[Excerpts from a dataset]
☆ ☆ ☆ ☆ ☆

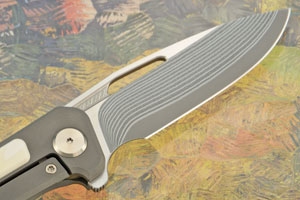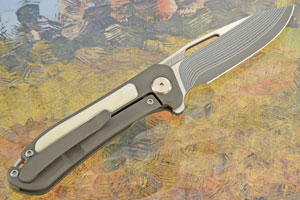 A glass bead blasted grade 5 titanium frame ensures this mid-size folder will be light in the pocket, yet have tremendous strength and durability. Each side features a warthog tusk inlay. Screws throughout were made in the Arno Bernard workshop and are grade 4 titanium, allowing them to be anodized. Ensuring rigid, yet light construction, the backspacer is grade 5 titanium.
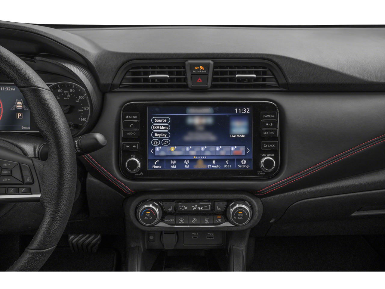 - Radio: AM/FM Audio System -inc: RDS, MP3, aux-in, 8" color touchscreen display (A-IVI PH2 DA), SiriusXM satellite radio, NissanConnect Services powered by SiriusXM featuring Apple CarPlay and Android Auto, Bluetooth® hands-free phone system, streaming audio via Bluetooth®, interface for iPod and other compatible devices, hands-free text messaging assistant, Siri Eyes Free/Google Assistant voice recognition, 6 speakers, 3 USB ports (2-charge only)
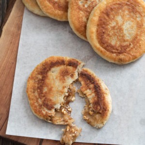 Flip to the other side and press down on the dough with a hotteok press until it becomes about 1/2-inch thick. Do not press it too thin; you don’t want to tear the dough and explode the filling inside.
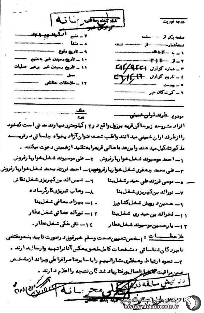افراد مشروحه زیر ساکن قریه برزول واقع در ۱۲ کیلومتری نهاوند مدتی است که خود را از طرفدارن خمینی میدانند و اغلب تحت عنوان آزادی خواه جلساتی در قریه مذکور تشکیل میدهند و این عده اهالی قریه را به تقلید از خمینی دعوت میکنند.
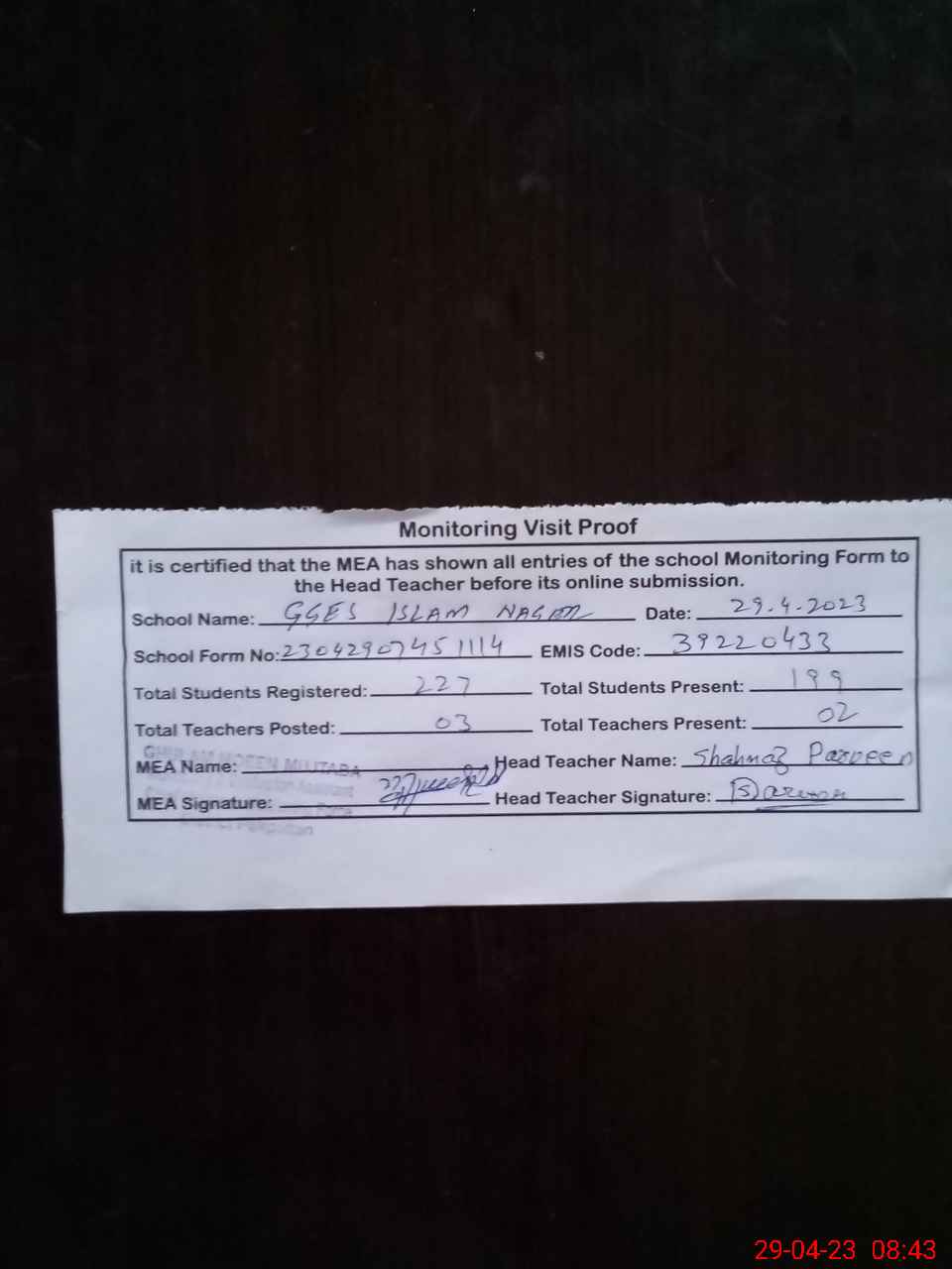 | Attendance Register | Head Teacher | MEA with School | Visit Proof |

☆ ☆ ☆ ☆ ☆

[What to produce]
Go back to the entries above and restate word for word every line from the first through the one that contains "- Radio: AM/FM", leaving the pictures behind.

[Solution for this problem]
 A glass bead blasted grade 5 titanium frame ensures this mid-size folder will be light in the pocket, yet have tremendous strength and durability. Each side features a warthog tusk inlay. Screws throughout were made in the Arno Bernard workshop and are grade 4 titanium, allowing them to be anodized. Ensuring rigid, yet light construction, the backspacer is grade 5 titanium.
 - Radio: AM/FM Audio System -inc: RDS, MP3, aux-in, 8" color touchscreen display (A-IVI PH2 DA), SiriusXM satellite radio, NissanConnect Services powered by SiriusXM featuring Apple CarPlay and Android Auto, Bluetooth® hands-free phone system, streaming audio via Bluetooth®, interface for iPod and other compatible devices, hands-free text messaging assistant, Siri Eyes Free/Google Assistant voice recognition, 6 speakers, 3 USB ports (2-charge only)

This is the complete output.